The dif­fer­ence is the red grapes, such as Cen­tral Otago’s fa­mous Pinot Noirs, are fer­mented be­fore their skins and seeds are re­moved.

“I had to do some re­search into it and in the end I was re­ally re­luc­tant to fer­ment it like a red wine,” Pete said.

“I had a re­ally close look at the cherry stone and it’s not com­pletely sealed so I was wor­ried about the bit­ter­ness of the ker­nel get­ting into the wine. It’s not a seed like a grape seed.”

He said the wine was un­usual but most peo­ple wouldn’t pick it to be cherry wine if they weren’t told. “They would be try­ing to fig­ure out what grape va­ri­ety it was, or whether it was some sort of sherry or port.

“Peo­ple re­ally like it and I think each year we’re get­ting bet­ter at it.

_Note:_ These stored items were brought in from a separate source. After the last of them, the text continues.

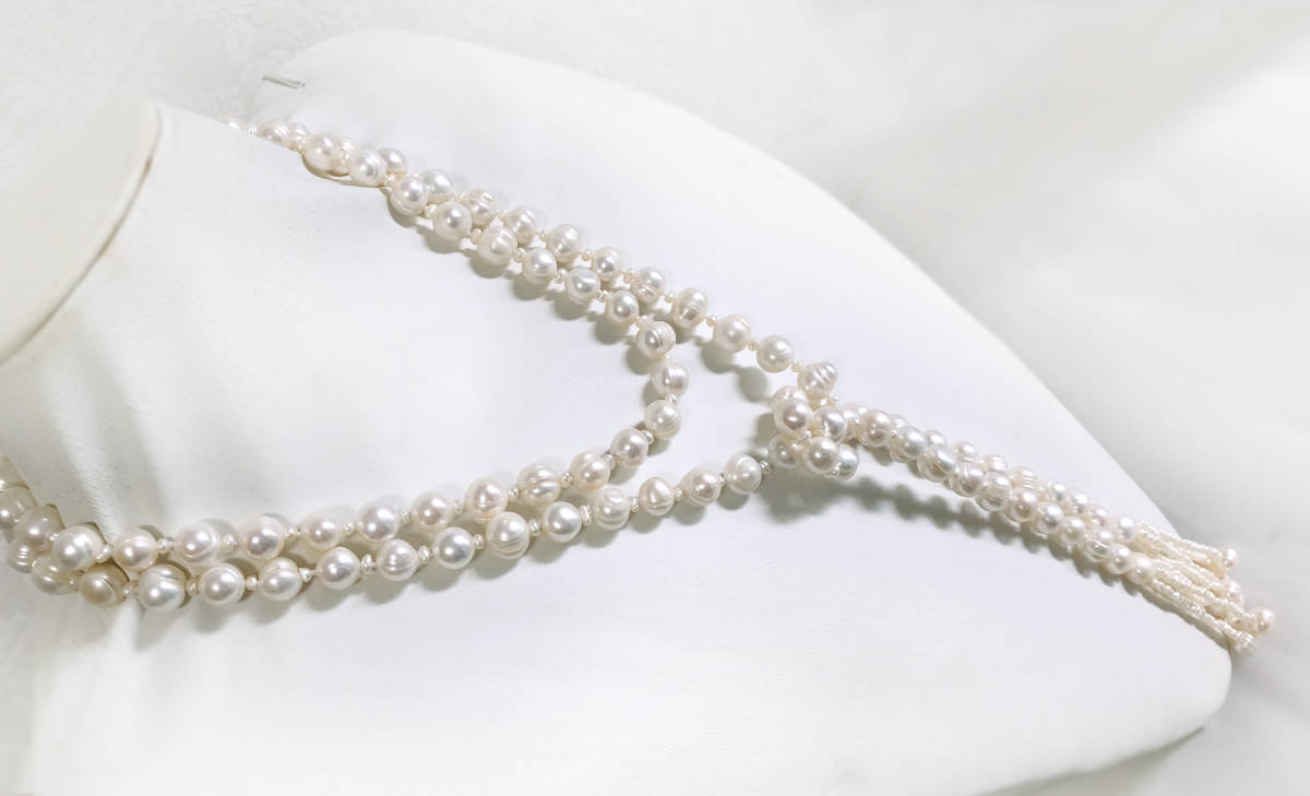 約130cmの長さで、二重に巻いたり、ロングネックレスにしたり、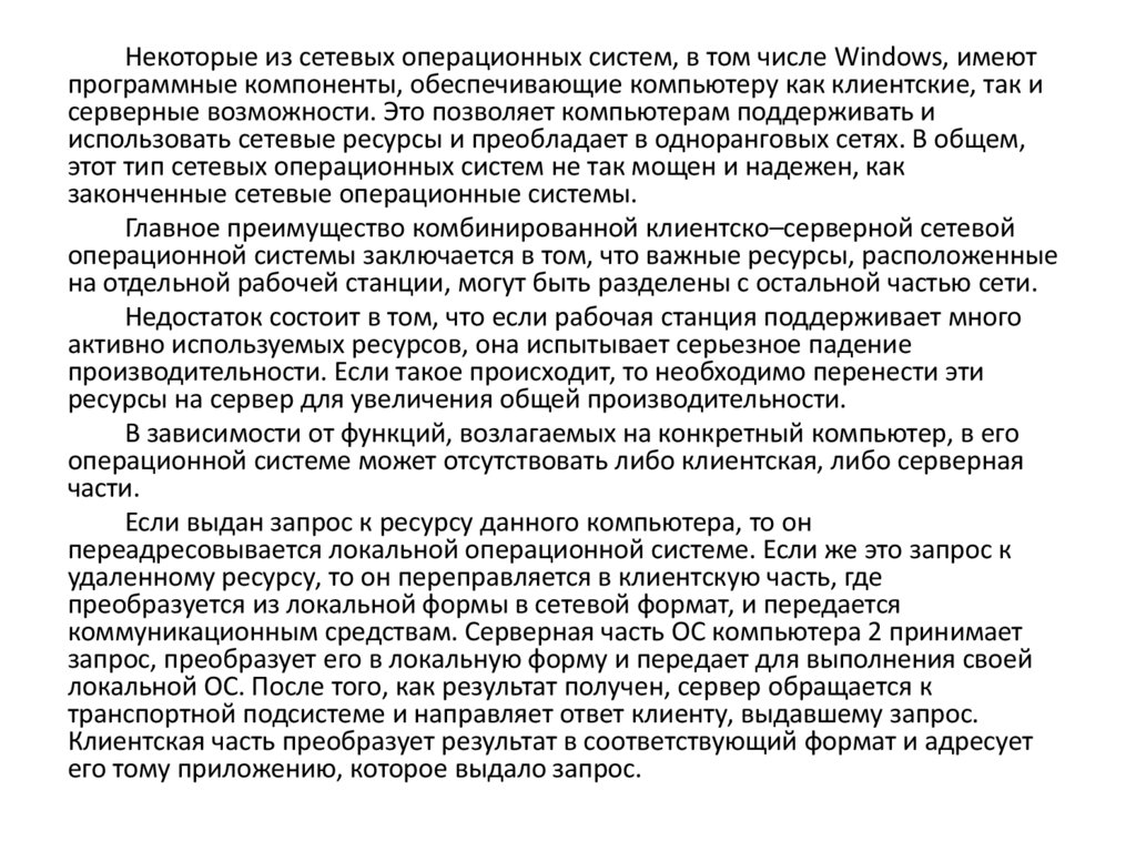 используют клиент-серверную, либо одноранговую архитектуру. Компоненты NOS располагаются на всех рабочих станциях,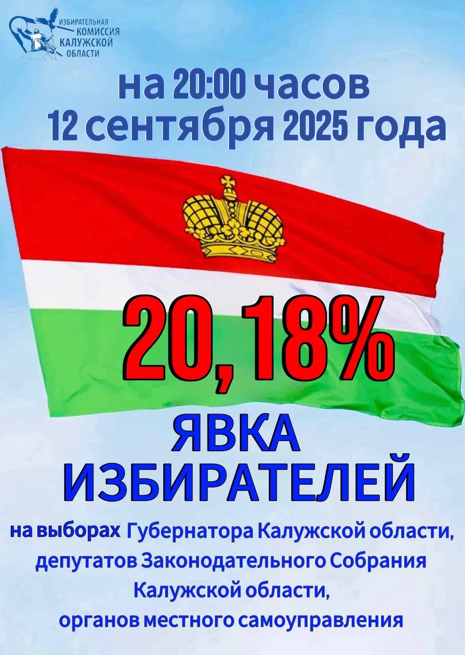 На восемь часов вечера 12 сентября, явка избирателей в Калужской области составила 20,18%.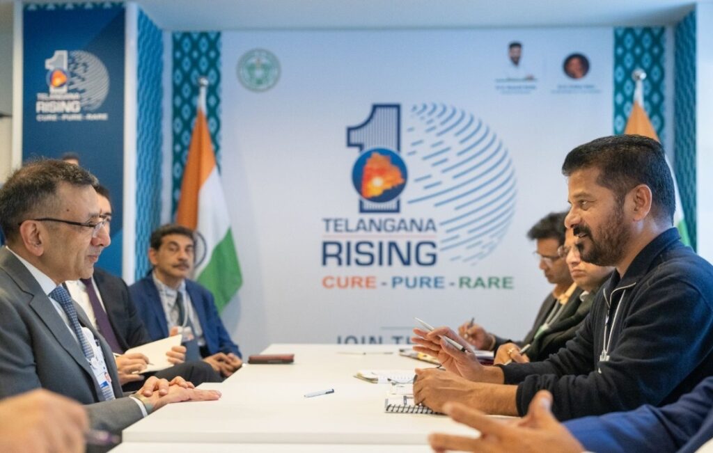 👉 దావోస్ వరల్డ్ ఎకనమిక్ ఫోరమ్లో ముఖ్యమంత్రి రేవంత్ రెడ్డితో గూగుల్ ఆసియా పసిఫిక్ ఏరియా (ఏపీఏసీ) ప్రెసిడెంట్ సంజయ్ గుప్తా సమావేశమయ్యారు. ప్రధానంగా వాతావరణంలో పెను మార్పులు, వ్యవసాయంపై దాని ప్రభావం, పట్టణ ప్రాంతాల్లో పెరుగుతున్న కాలుష్యం వంటి సమస్యల పరిష్కారాలపై సమగ్రంగా చర్చలు జరిపారు.
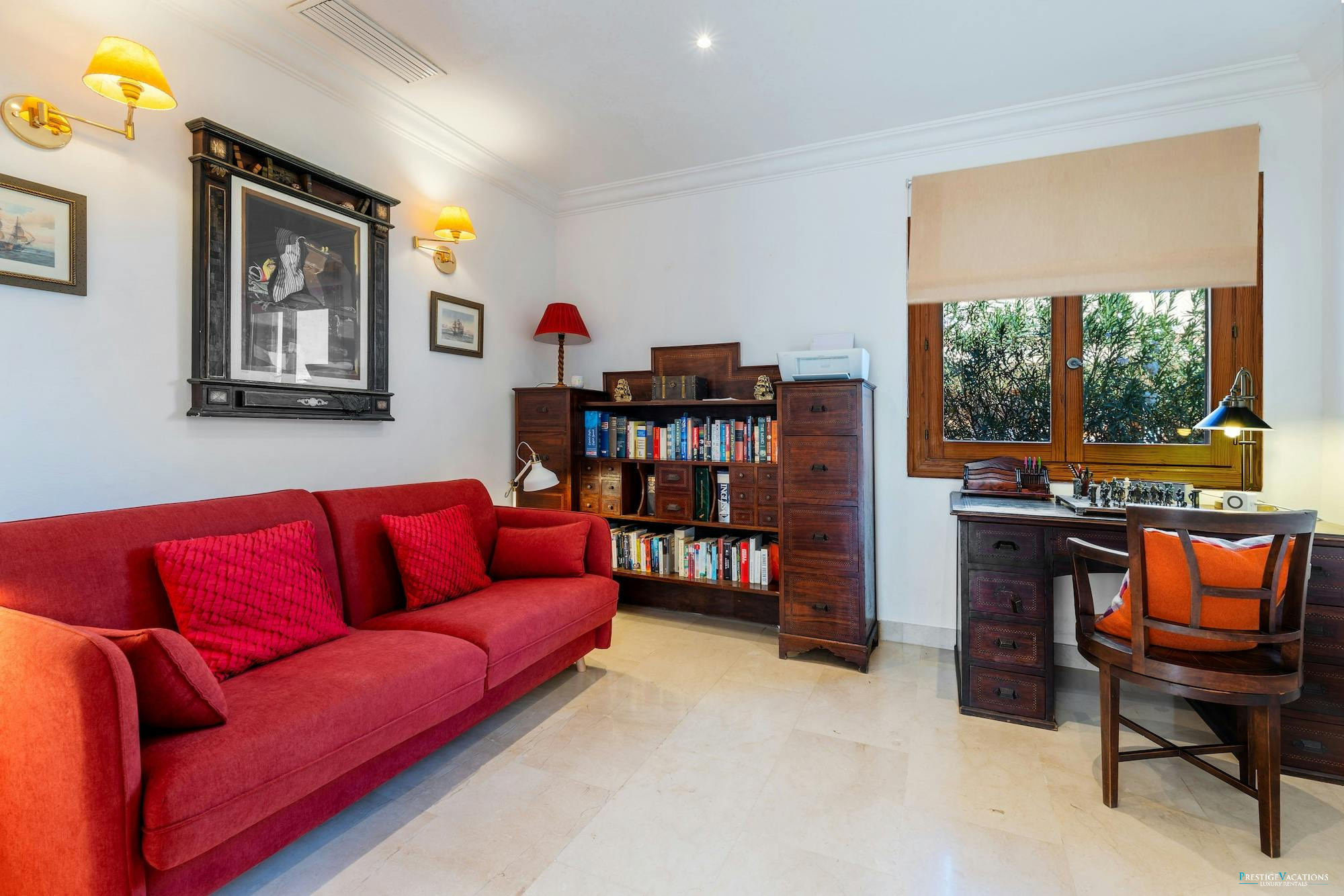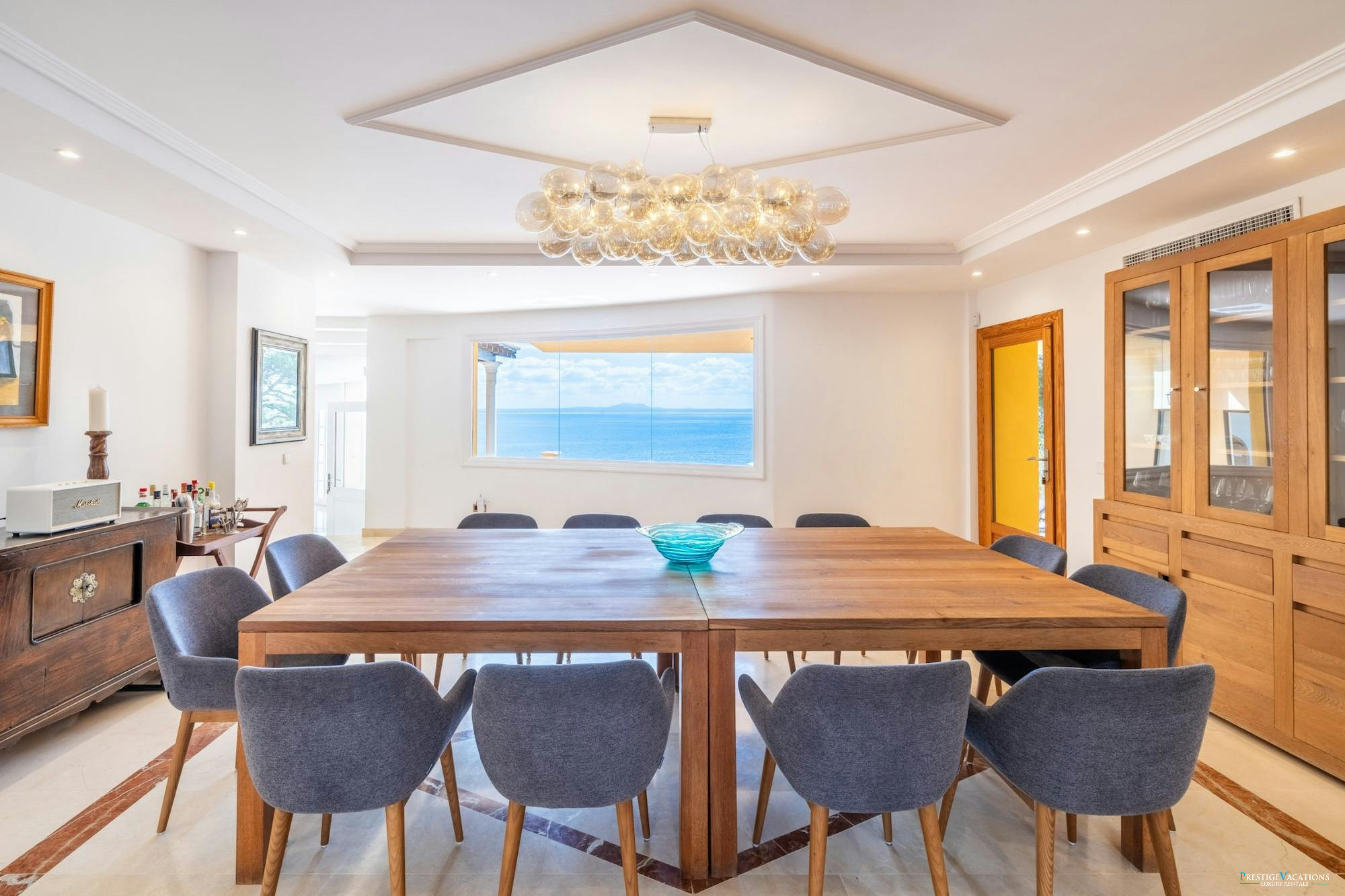 With over 700 square metres of luxurious interior space on a 2,200 square metre plot, Villa Cabello offers generous living areas with panoramic sea views. The expansive living room features air conditioning and a 75-inch flat-screen TV equipped with a Denon Home Cinema System, Bose speakers, Bluetooth connectivity, and a PlayStation 3—ideal for relaxing or entertaining.

“Get­ting the right pres­sure to get the juice at the start has been dif­fi­cult. I think we were press­ing it too hard. Now we are go­ing for a medium press and we’re get­ting a lot more juice.”

“Orig­i­nally we wanted the Lap­ins to be more of a rosé style but it came out re­ally dark,” Dave said. “You can’t hide the colour of the cher­ries.”

“A glass of it chilled is re­ally nice on a hot Cen­tral Otago day.”

Clock­wise from top left: Dave McMil­lan in the cherry or­chard near Cromwell. The start of a new sea­son. The cherry trees in full bloom at the start of Oc­to­ber. Young cherry trees al­ready with blos­som on them in the or­chard un­der Mount Pisa.

From top: VinPro wine­maker Pete Bar­tle pours a glass of this year’s Rip­pon­vale Cherry Wine from the vat. This year’s vin­tage in a vat at VinPro in Cromwell.

Be­low: Rip­pon­vale Cherry Wine.

VinPro wine­maker Pete Bar­tle (left) and cherry grower Dave McMil­lan toast to the new sea­son with a glass of Rip­pon­vale Cherry Wine.